◆ Prompt:
Only the lines below from the one that holds "Green Aztec Mini" through the one that holds "16 | 16 | 0 | 0 |" should appear in the answer, copied exactly, end lines included and pictures omitted.

◆ Data records:
------------

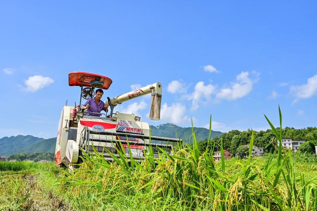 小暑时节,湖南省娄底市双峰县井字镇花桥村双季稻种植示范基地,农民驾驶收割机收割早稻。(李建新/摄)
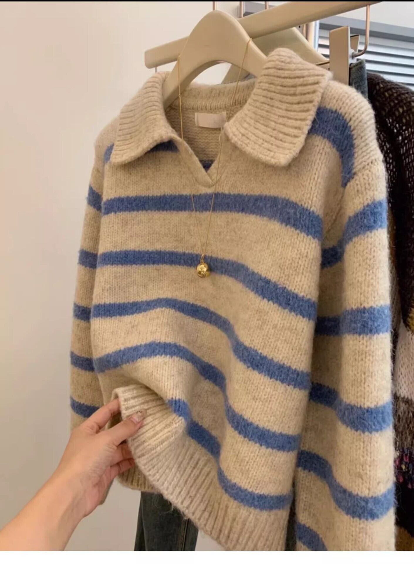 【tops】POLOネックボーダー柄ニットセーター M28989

------------

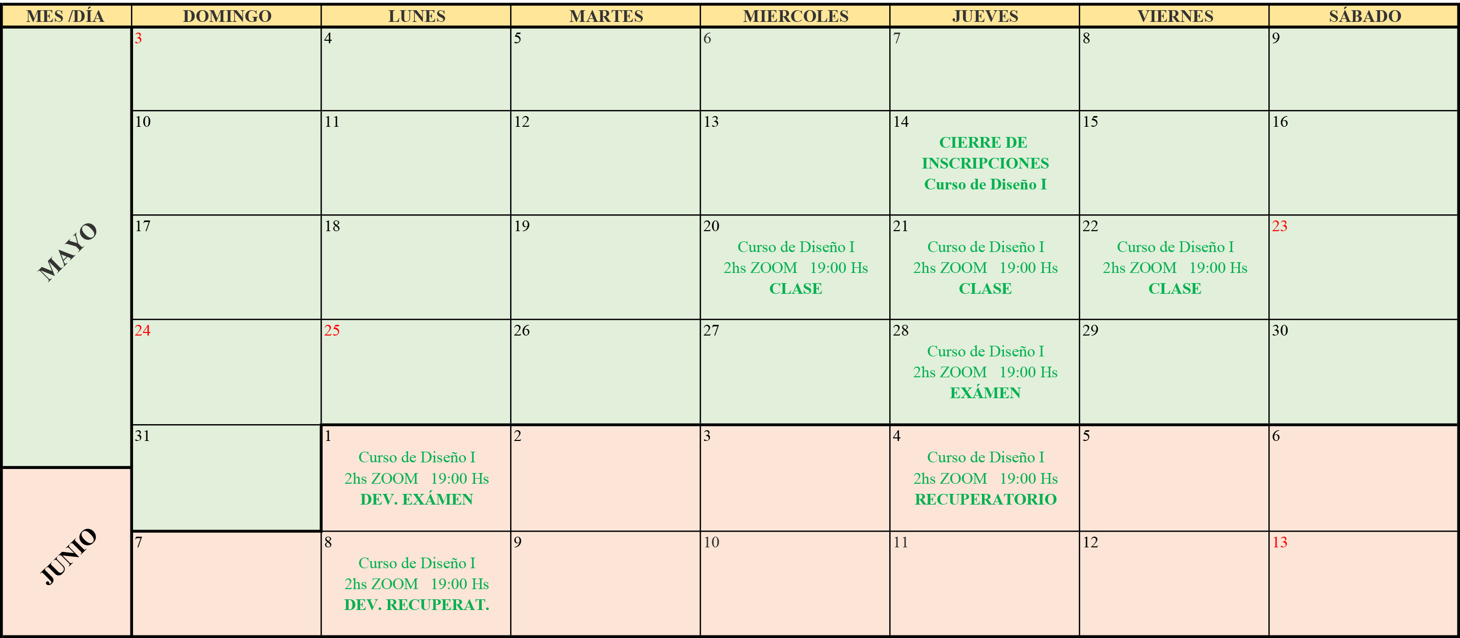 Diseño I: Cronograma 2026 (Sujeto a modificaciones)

------------

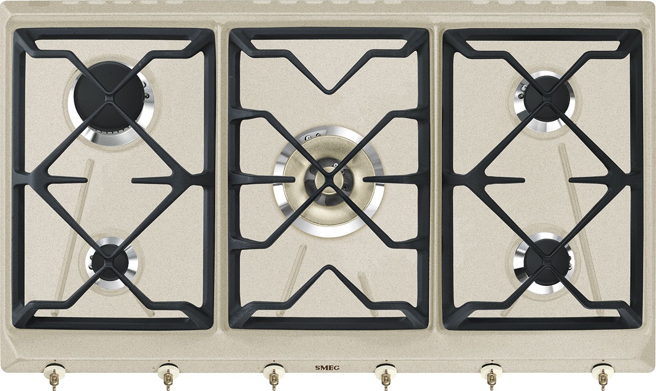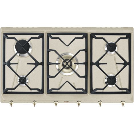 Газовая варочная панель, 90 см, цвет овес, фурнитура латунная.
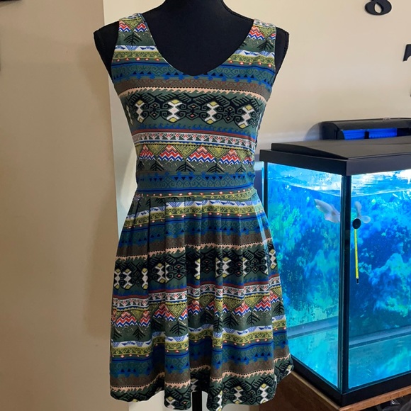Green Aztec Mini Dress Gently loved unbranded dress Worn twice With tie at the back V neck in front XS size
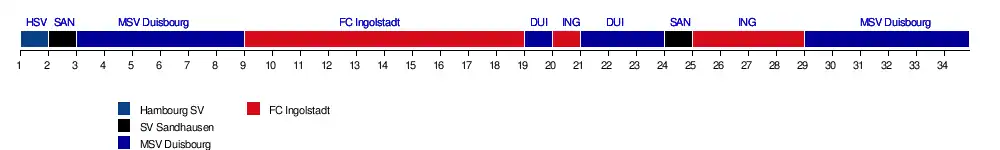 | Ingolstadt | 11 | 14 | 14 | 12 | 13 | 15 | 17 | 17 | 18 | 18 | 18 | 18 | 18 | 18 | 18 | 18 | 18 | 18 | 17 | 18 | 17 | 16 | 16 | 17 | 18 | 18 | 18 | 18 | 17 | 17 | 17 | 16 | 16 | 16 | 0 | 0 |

------------

◆ Worked solution:
Green Aztec Mini Dress Gently loved unbranded dress Worn twice With tie at the back V neck in front XS size
 | Ingolstadt | 11 | 14 | 14 | 12 | 13 | 15 | 17 | 17 | 18 | 18 | 18 | 18 | 18 | 18 | 18 | 18 | 18 | 18 | 17 | 18 | 17 | 16 | 16 | 17 | 18 | 18 | 18 | 18 | 17 | 17 | 17 | 16 | 16 | 16 | 0 | 0 |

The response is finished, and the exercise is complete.